Due to potential security problems inherent to how iframes work, Hotjar is unable to track user interaction on iframe elements embedded on your site. By default, Hotjar's Recordings don't show parts of your site that are contained inside iframes. To display an iframe in a Recording your iframes must first be configured to display in Hotjar, though this will still not allow iframe tracking, and still has limitations.
Even after following the whitelisting advice in this article, these limitations mean the following usually cannot be tracked or displayed in Hotjar Recordings in any case:
❌Third-party video players (such as YouTube or Vimeo).
❌Third-party forms (for example, Typeform forms).
❌Web-apps that are loaded via iframes.
❌Most third-party payment systems.
If you're unfamiliar with iframes, you can think of them as web pages inside web pages. They are often used to add elements like chatbots, videos, or forms to your pages by third-party services. You can read more about them in the Mozilla Developer Network documentation.
Until you have enabled iframes inside your Recordings, the iframe content will be shown as a black box with a message telling you that the content is not available in your Recording until you whitelist its iframe.
Enabling iframes to display inside your Recordings is a two-step process:
Check out whitelisting limitations before continuing
It is important to take a look at the section What limitations still exist after whitelisting an iframe? to make sure you'd like to continue whitelisting the iframe inside Recordings.
What limitations still exist after whitelisting an iframe?
Before whitelisting, you should consider some of the limitations that still exist after whitelisting an iframe.
Whitelisting an iframe only allows the iframe to be displayed in a Recording.
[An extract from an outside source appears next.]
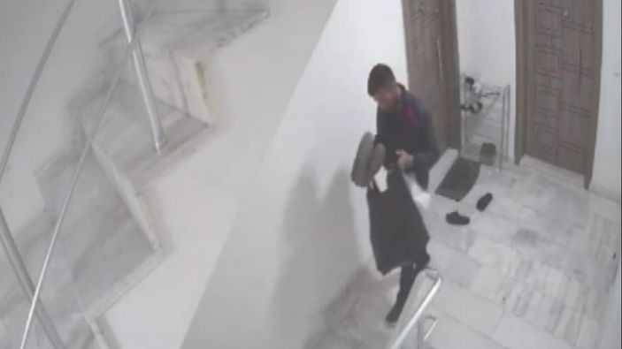 Görüntülerde, evlerin önündeki ayakkabıları siyah poşete dolduran şahıs, rahat tavırlarıyla dikkat çekiyor. Bütün apartmanı gezen şahıs, ardından hiçbir şey olmamış gibi ayakkabı dolu poşetle apartmandan çıkıyor.

Here is a complete list of what Hotjar can and cannot capture when an iframe has been whitelisted.
We can track:
✔️ a static page delivered through an iframe can be displayed inside a Recording.
✔️ mouse over behavior is tracked, relative to the parent page.
We cannot track:
❌ clicks on elements inside an iframe.
❌ scroll events inside an iframe.
❌ typing input inside an iframe.
❌ DOM mutation events.
❌ CSS animations dependent on user input (such as hovering over a button).
If you'd like to record interactions happening inside of an iframe you can put the Hotjar Tracking Code in the head element of the iframe source page, but you must also remove the tracking code on the parent page. Having the Hotjar Tracking Code on both the source page and the page containing the iframe can cause Recordings of the page to fail and data collection to be skewed.
Adding an HTML attribute to the iframe
Add data-hj-allow-iframe as an HTML attribute to the iframe.
<iframe src="/page.html" data-hj-allow-iframe=""></iframe>
This can be written as ="", true or just data-hj-allow-iframe. Either way the value will show as "true" on the backend.
This attribute has to be placed in the iframe element itself
The attribute cannot be placed in the parent element of the iframe. Many third-party tools do not allow you to edit their iframe elements, which means that they cannot be whitelisted.
Whitelist the iframe's domain in your Hotjar Site Settings
Before starting on this step, take a look at What limitations still exist after whitelisting an iframe?
Go to site settings by clicking Settings > Sites & Organizations
Click the cog icon next to the site you want to whitelist.
You will see a field where you can insert the domain name you wish to whitelist, under the heading Whitelisted Iframe Domains For Recordings.
An iframe source page will reload each time it's displayed in a Recording playback
The URL that the iframe points to is stored on our servers and reloaded every time a recording is played in the Hotjar dashboard. This means that if loading the iframe source page triggers some additional behavior on the server that the URL points to, other than just serving the iframe content, this could cause unexpected and adverse results.